As I am penning this column he is glued to the TV watching the Heat-Sixers semi-final. He will be unlikely to give today’s ODI at Adelaide Oval more than a cursory glance on the television. And this from a boy who is being raised in a household of cricket purists.

Richie Benaud opined 30-odd years ago that Test cricket would, in time, become primarily a television event, one that would be followed intermittently on the tube rather than from the ground.

In most countries that has become the norm. Except for England, Australia and India crowds have thinned substantially.

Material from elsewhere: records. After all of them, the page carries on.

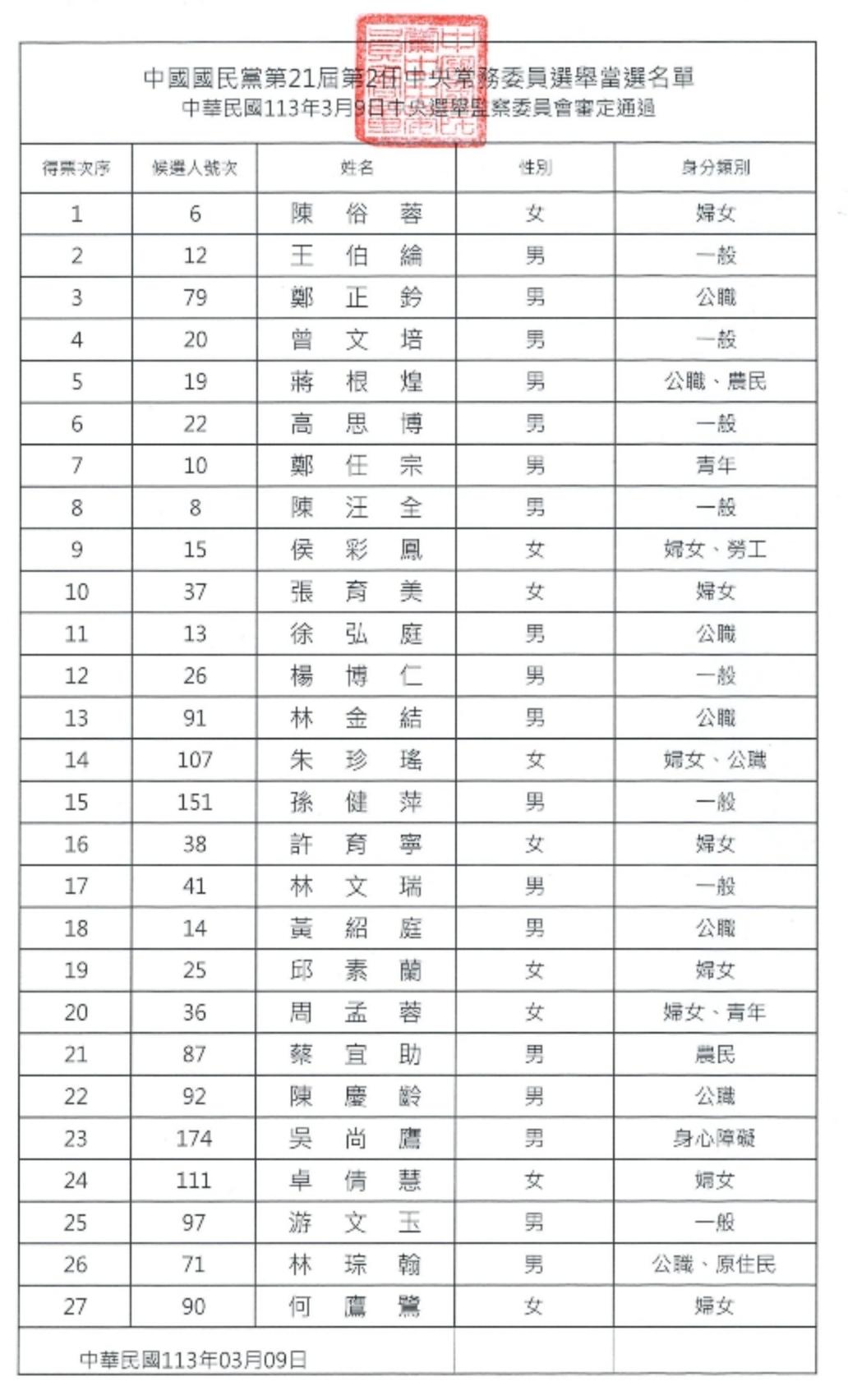 國民黨中常委於9日進行改選,除去6至11席由黨主席任命的指定中常委之外,其餘29席由全體黨代表從中央委員中選出。
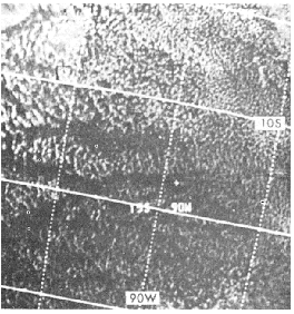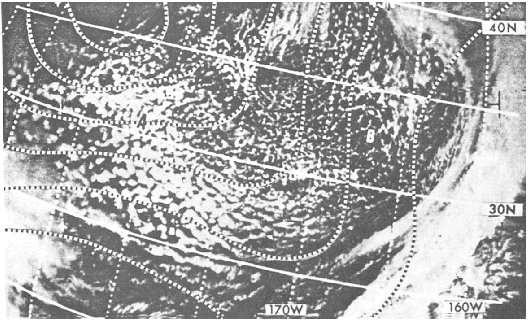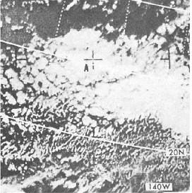 Figure 4-9.-Open cells in the subtropical high. vertical convective activity is not likely. Figure 4-10 shows closed cells in the southeastern portion of a polar high near A.Figure 4-11 shows closed cells in the eastern portion of a subtropical high in the South Pacific. West of A, the closed cells are composed of stratocumulus with some clear walls, and east of the walls, the cells are composed of thinner clouds.The practical training publications, Satellite Imagery Interpretation in Synoptic and Mesoscale Meteorology, NAVEDTRA 40950, and Tropical Clouds and Cloud Systems Observed in Satellite Imagery, Volume 1, NAVEDTRA 40970, offer further information on the subject of satellite interpretation.VERTICAL MOTION AND WEATHERUpward vertical motion (convection) is associated with increasing cloudiness and precipitation, and downward vertical motion (subsidence) with improving weather.Vertical motion analyses and prognostic charts are currently transmitted by the NWS and FNMOC. The values are computed and are on the charts. charts. Plus values represent upward vertical motion (convection), and minus values represent downward vertical motion (subsidence).VORTICITY AND PRECIPITATION Vorticity was discussed in chapter 1 of this manual, as well as the AG2 TRAMAN, volume 1. We have seen that relative vorticity is due to the effects of both curvature and shear. Studies have led to the following rules:Cloudiness and precipitation should prevail in regions where the relative vorticity decreases downstream. Fair weather should prevail where relative vorticity increases downstream. The fact that both shear and curvature must be considered when relative vorticity changes are investigated results in a large number of possible combinations on upper air charts. When both terms are in agreement, we can confidently predict precipitation or fair weather. When the two are in conflict, a closer examination is required.
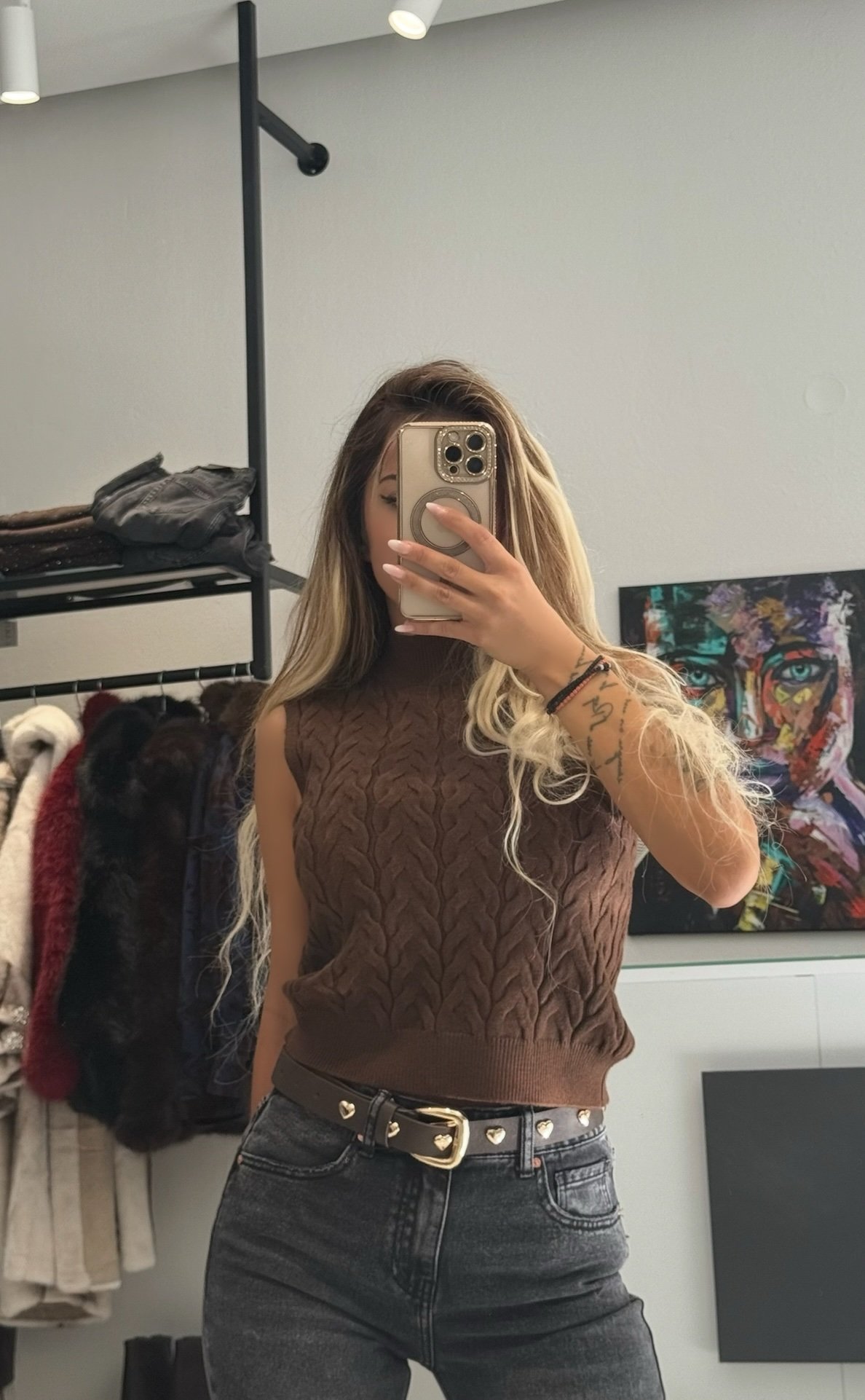 Το “Elara” είναι ένα statement πλεκτό τοπ που αγκαλιάζει τη γυναικεία φιγούρα με στυλ. Η απουσία μανικιών και ο ψηλός, διακριτικός λαιμός το καθιστούν ένα ευέλικτο ρούχο για όλες τις μεταβατικές εποχές. Το βασικό του στοιχείο είναι το περίτεχνο καλωδιακό πλεκτό το οποίο προσδίδει μια αίσθηση vintage γοητείας και άριστης ποιότητας.
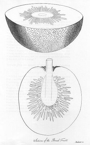 I met at Timor with most of the fruits that are described in Captain Cook's first voyage as natives of Batavia, except the mangosteen. The breadfruit tree, called by the Malays soccoom, likewise grows here with great luxuriance and appears to be as much a native of this island as it is of Otaheite. The fruit is exactly of the same kind but not so good. A breadfruit of Timor weighs half as much more as one of equal size at Otaheite. It is not used here as bread but generally eaten with milk and sugar. At Backennassy I saw about twenty of the trees, larger than any I have seen at Otaheite. Here is also a sort of breadfruit tree that produces seeds not unlike Windsor beans and equally palatable either boiled or roasted. No other part of the fruit is eatable and, though the tree I am told is to all appearance the same as the other, the fruits have but little resemblance, the fruit of this being covered with projecting points nearly half an inch in length.
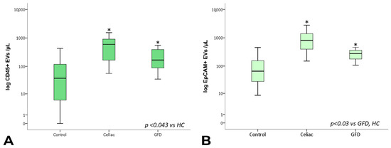 Total CD45+ and EpCAM+ EV counts. Box plots represent CD45+ (A) and EpCAM+ (B) EV concentrations (EVs per µL, log-transformed) in peripheral blood obtained from controls, celiac, and GFD patients. The horizontal line represents the median value. The asterisk (*) identifies statistically significant differences.
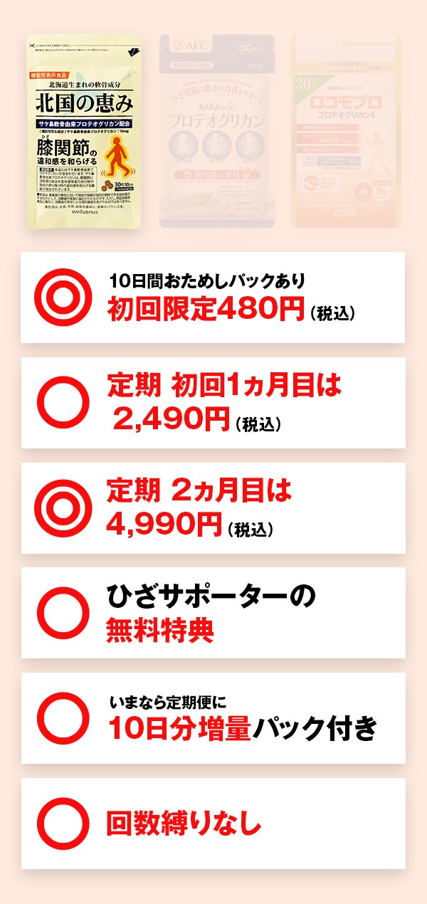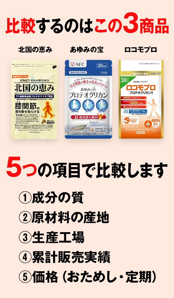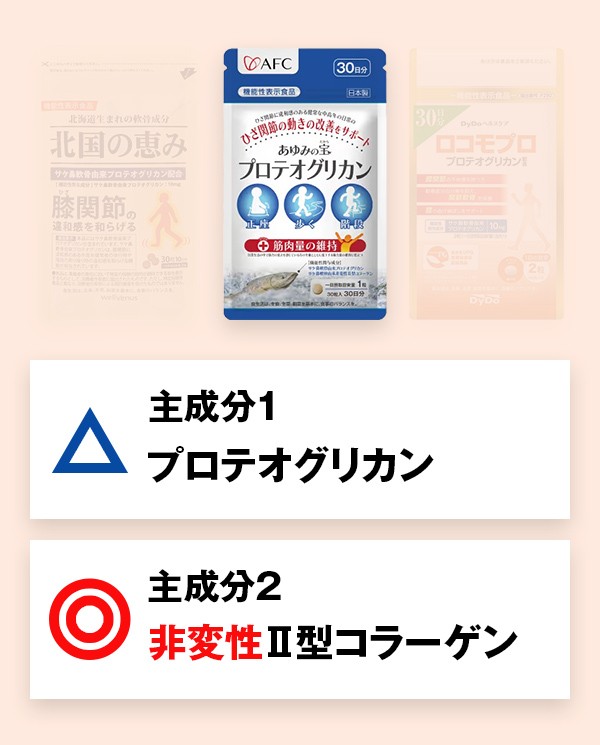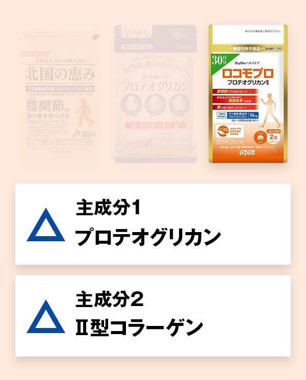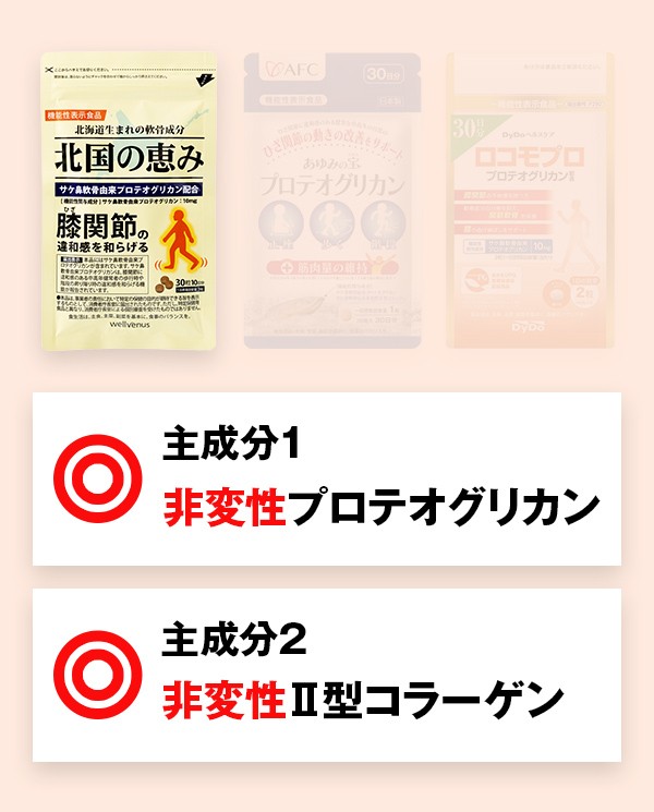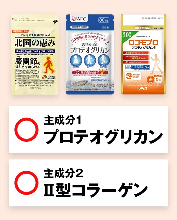 実は、今回選んだ3商品はすべて、「プロテオグリカン」と「Ⅱ型コラーゲン」を両方配合。

Even in India, where the sport is followed with an affection akin to what Brazilians have for football, cities like Delhi, Nagpur and Mohali rarely manage half-filled stadia.

Whilst Australia has led the move to day-night Tests, and with it a spike in crowds, it is hard to envisage the longest form of the game ever attracting the global spectator base of year’s past.

But, in the end, how important is that in the grand scheme of things?

While some will never see T20 as being ‘real cricket’ it nonetheless helps underpin the longer forms. Spectator numbers dropped off when ODIs became a widespread phenomenon. Nowadays, the T20s have drawn spectators away from the 50-over game.

In the end, though, each of those spectators is watching the game of cricket.

They may not be watching the form that all of us prefer but I would contend that more people turn out to watch the sport nowadays then in past years, and surely, for the sport that is a good thing.

In any business, and that is what the game is at the elite level, the key is attracting clientele.

Presently, cricket is maximising that by catering for varied tastes.

In the end the whole is made up of various parts. And in the current day those parts add up to a sport that is in good health in this country.